Training and Testing Data

Normally, in supervised machine learning, data are split into two groups: training and testing. The training data are used to build a machine learning model and the testing data used used to evaluate how well the model performs on new data (i.e., data that did not influence the construction of the model).

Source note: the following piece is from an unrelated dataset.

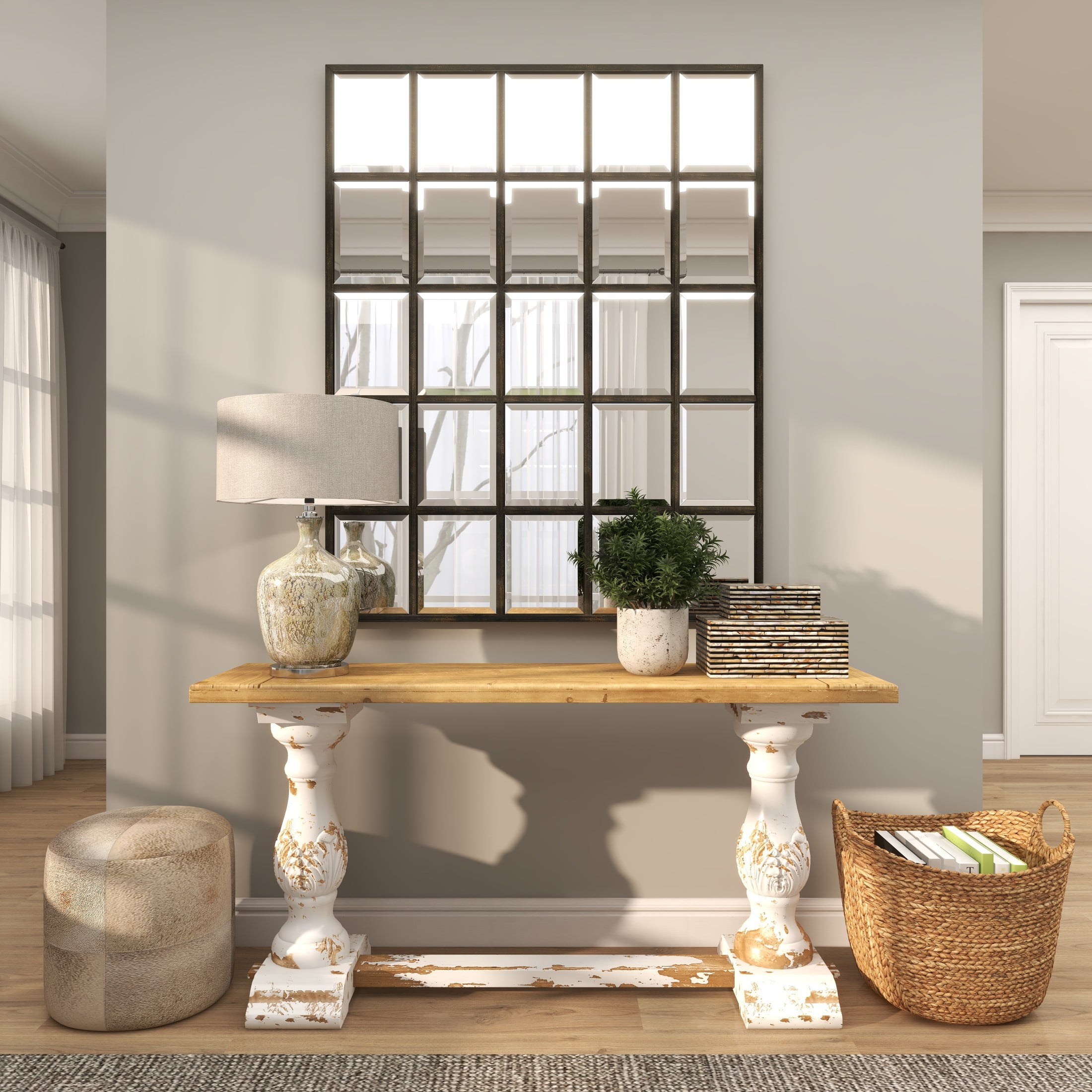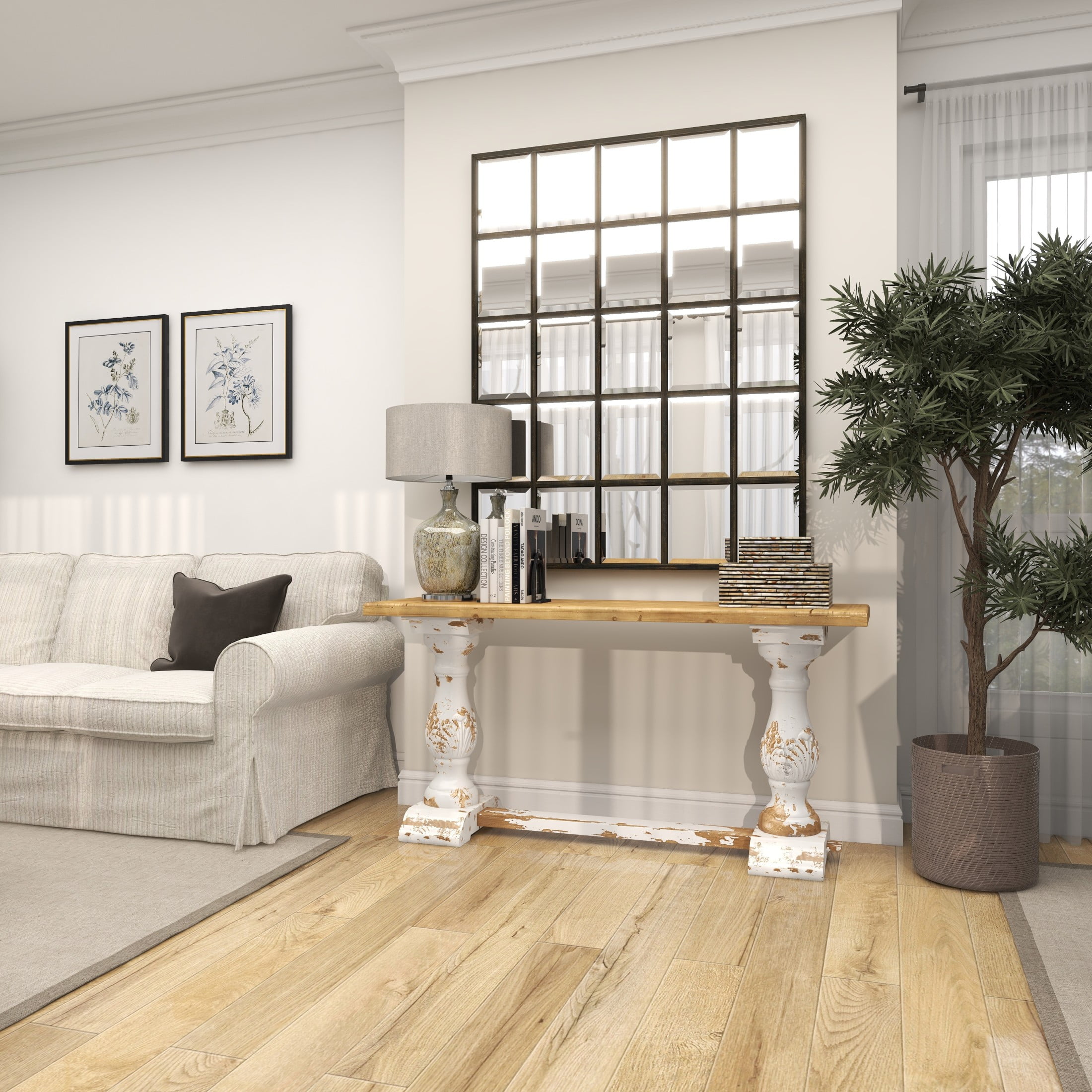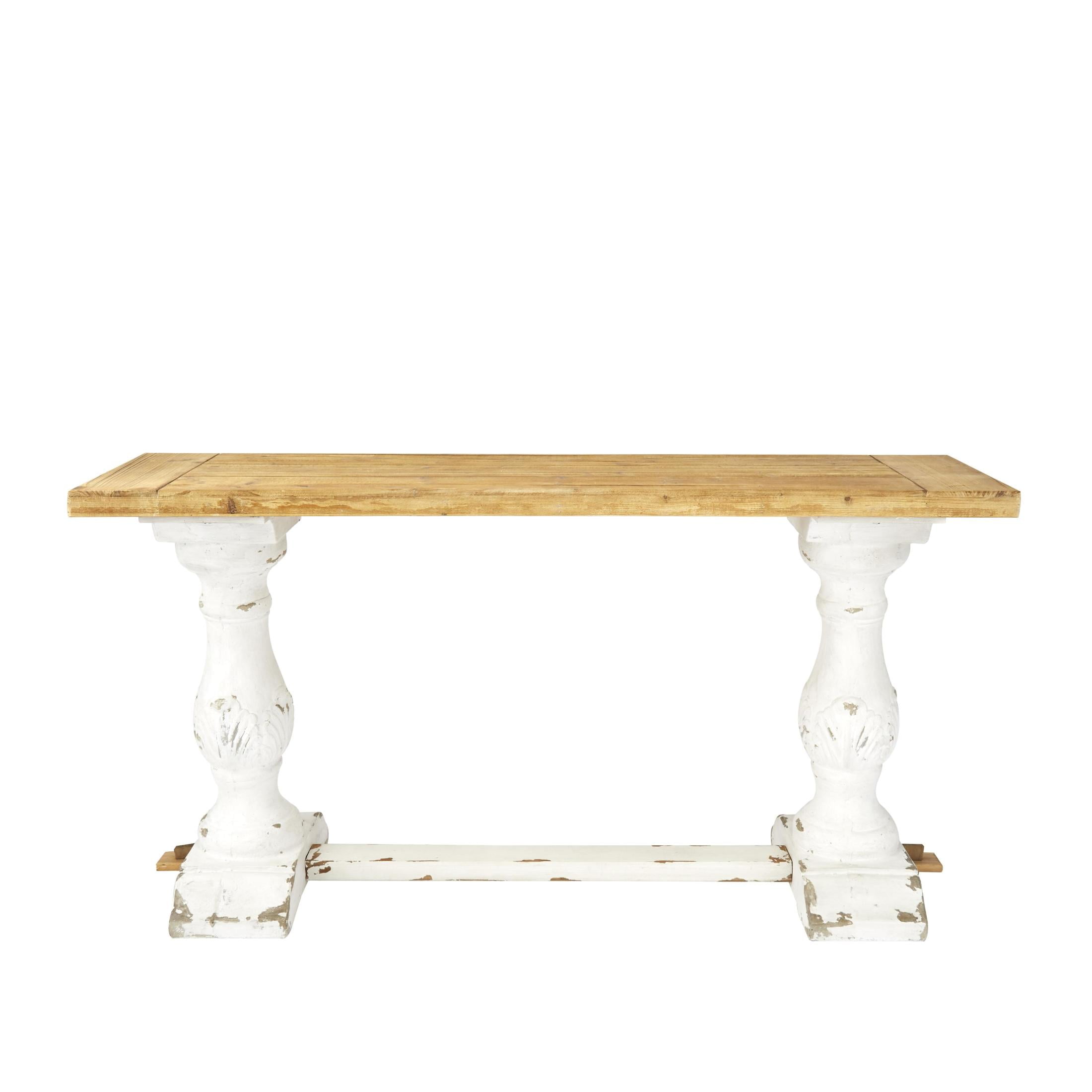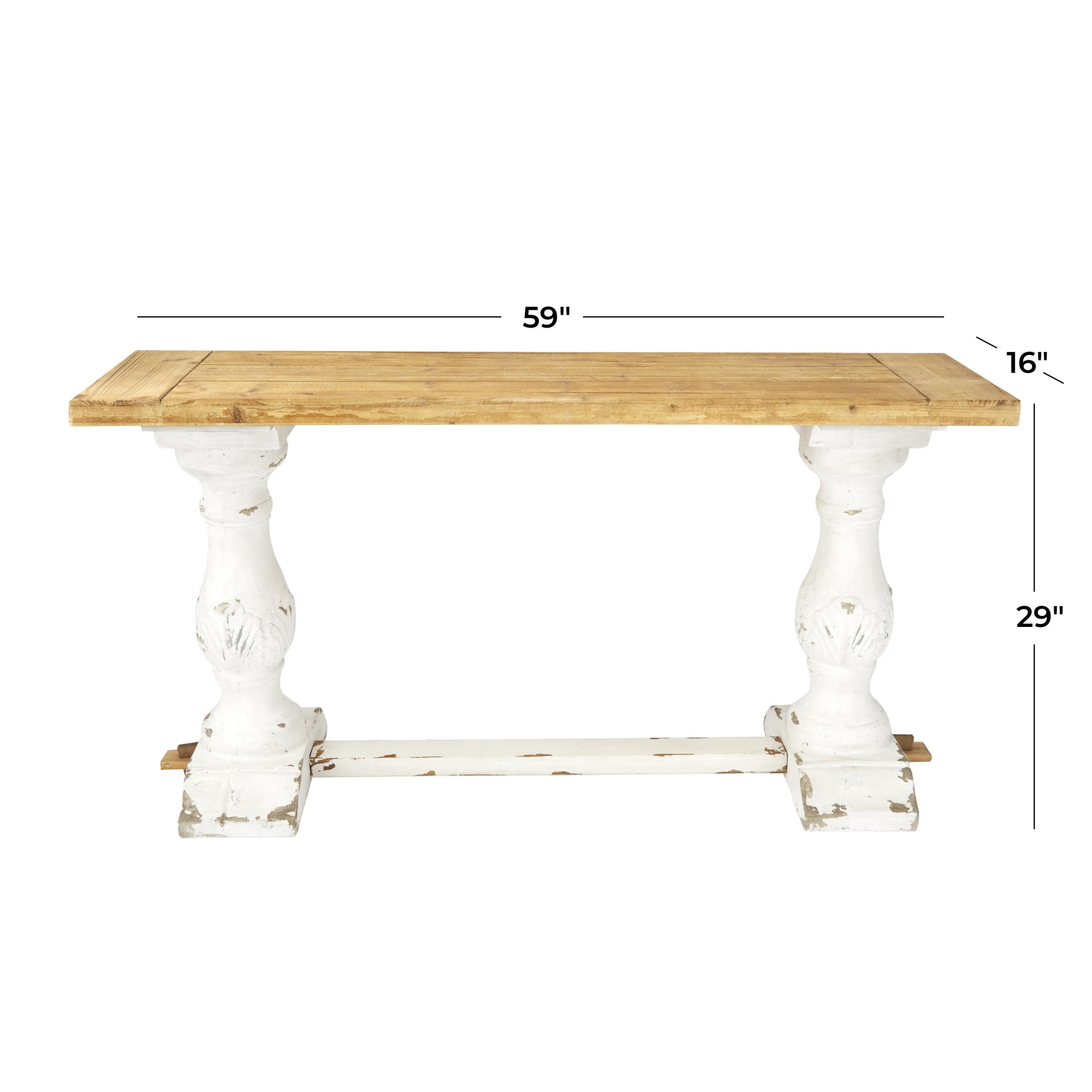 Designed with rugged beauty and an earthy charm, where natural simplicity, warmth, and organic materials create a wholesome atmosphere White living room console table boasts a reliable construction of fiberglass, fir wood and MDF, ensuring durability and style Rectangle living room furniture showcases a distressed white finish accented by brown tabletop for a timeless look This wood console table features a long rectangular top with a carved lip, supported by two turned columns and a horizontal slat base for added stability The white wood console table measures 59L x 16W x 29H inches, and weighs 45 lbs Distressed white home table boasts a classic rectangular shape and elegantly fluted legs, creating a striking and sophisticated design Wipe clean with a dry cloth This rustic home console table is meticulously crafted from carved wood, seamlessly glued together for a durable and timeless piece Rustic style DecMode 59″ x 29″ White Wood Distressed Console Table with Brown Wood Top, 1-Piece makes a perfect addition to any home
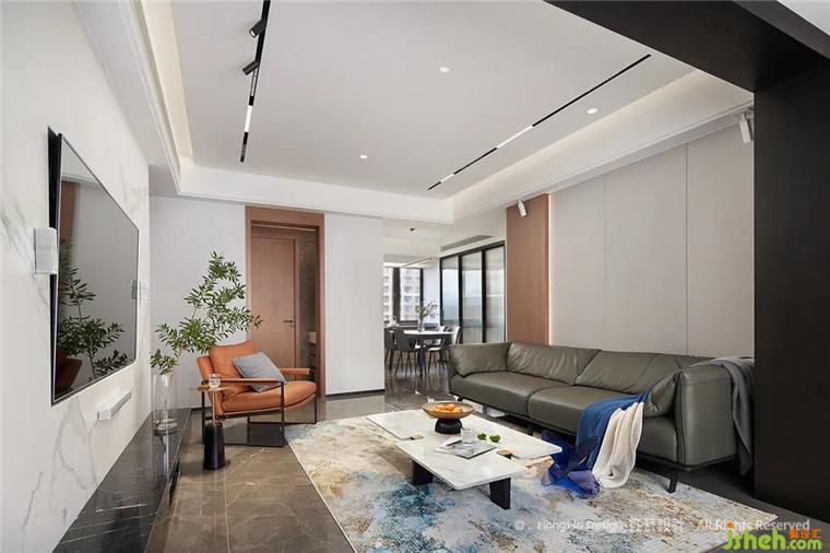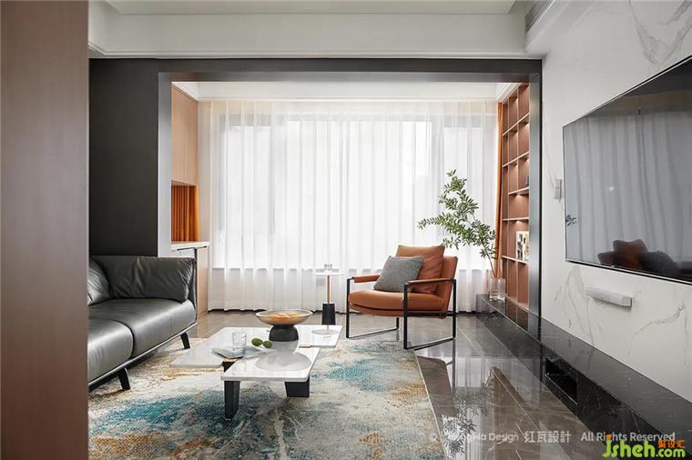 客廳高級(jí)灰用色顯沉穩(wěn)平靜,適宜的活動(dòng)空間給全職在家的女主人,提供充足的空間可以陪伴家人,靠窗的白紗與棕色收納柜,給空間增添不少柔情,我們了解到男主人公是一位優(yōu)秀的航海員,通過提取相關(guān)元素,將大海的韻味運(yùn)用到地毯與擺件中,整個(gè)空間透著祥和、平穩(wěn)、生趣

In general, the majority of the data are used for training (MLpronto uses 80% by default) and a minority for testing (MLpronto uses 20% by default).

Analysis and Output

MLpronto performs a number of analyses (listed below). It also outputs the code (as a Python file and as a Jupyter Notebook) that it generates and executes along with the parameters (as a JSON file) that it uses for the specified dataset.

Analysis	Description
Data visualization with plots	A 2-dimensional (3-dimensional) scatter plot of the data is created via principal component analysis (PCA). In the case of classification, the feature columns are projected along the two (three) most significant pricipal components and the points in the plot are colored based on their labeled class. In the case of regression, the feature columns are projected along the one (two) most signficant principal component(s) (horizontal axes) and the projected data are plotted along with their labeled values (vertical axis). In either case, the percentage of explained variance is reported.
Feature relationships	Relationships between feature columns and the label column are calculated. Correlations between every pair of columns are calculated. Also, various dependencies are calculated. The mutual information indicates the dependency between a feature column and the label column. The F-value and p-value for each feature column relative to the label column are based on ANOVA in the case of classification analysis and on univariate linear regression testing in the case of regression analysis.
Training metrics	The size of (number of points in) the training data is reported along with various measures of the machine learning model's performance on the training data. For classification problems, the performance measures include the accuracy, F1 score, precision, recall, and area under the ROC curve. For regression problems, the performance measures include the R² score, adjusted R² score, mean squared error (MSE), and mean absolute error (MAE).
Testing metrics	The size of (number of points in) the testing data is reported along with various measures of the machine learning model's performance on the testing data. For classification problems, the performance measures include the accuracy, F1 score, precision, recall, and area under the ROC curve. For regression problems, the performance measures include the R² score, adjusted R² score, out of sample R² score, mean squared error (MSE), and mean absolute error (MAE).
Other analyses	For classification problems, a confusion matrix, classification report, receiver operating characteristic (ROC) curve, and precision recall curve (PRC) are shown for the testing data. For regression problems, a plot is generated showing values predicted by the model as compared to actual values, and two plots relating to residuals are generated.

Fidelity of Results

In general, code produced by MLpronto will yield the same results each time it is executed. Many machine learning algorithms employ randomization, and MLpronto seeds random number generation to ensure consistent results. However, there may be exceptional cases where results differ, e.g., if code is executed on the MLpronto webserver using one version of libraries and the same code is then executed on a user's local machine using a different version of libraries.

Libraries used by MLpronto

MLpronto uses the following libraries and versions

Python	3.9.18
numpy	1.23.2
pandas	1.4.3
sklearn	1.1.2
matplotlib	3.5.3

Source Code

MLpronto source code is available on GitHub

Citing MLpronto

MLpronto: A tool for democratizing machine learning. Tjaden J, Tjaden B. PLoS ONE, 18(11):e0294924, 2023.